**THE TASK**
Every line of the listing that follows must be written out unchanged.

**DATASET ENTRIES**

....

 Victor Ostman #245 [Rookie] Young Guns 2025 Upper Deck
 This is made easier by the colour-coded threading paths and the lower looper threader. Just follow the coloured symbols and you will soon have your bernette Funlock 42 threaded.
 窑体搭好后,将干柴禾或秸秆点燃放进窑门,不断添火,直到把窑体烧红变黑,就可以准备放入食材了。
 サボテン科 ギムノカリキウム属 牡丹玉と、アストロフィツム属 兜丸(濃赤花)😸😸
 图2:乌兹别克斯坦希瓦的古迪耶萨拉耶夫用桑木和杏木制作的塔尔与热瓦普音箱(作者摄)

....

**YOUR SOLUTION**
 Victor Ostman #245 [Rookie] Young Guns 2025 Upper Deck
 This is made easier by the colour-coded threading paths and the lower looper threader. Just follow the coloured symbols and you will soon have your bernette Funlock 42 threaded.
 窑体搭好后,将干柴禾或秸秆点燃放进窑门,不断添火,直到把窑体烧红变黑,就可以准备放入食材了。
 サボテン科 ギムノカリキウム属 牡丹玉と、アストロフィツム属 兜丸(濃赤花)😸😸
 图2:乌兹别克斯坦希瓦的古迪耶萨拉耶夫用桑木和杏木制作的塔尔与热瓦普音箱(作者摄)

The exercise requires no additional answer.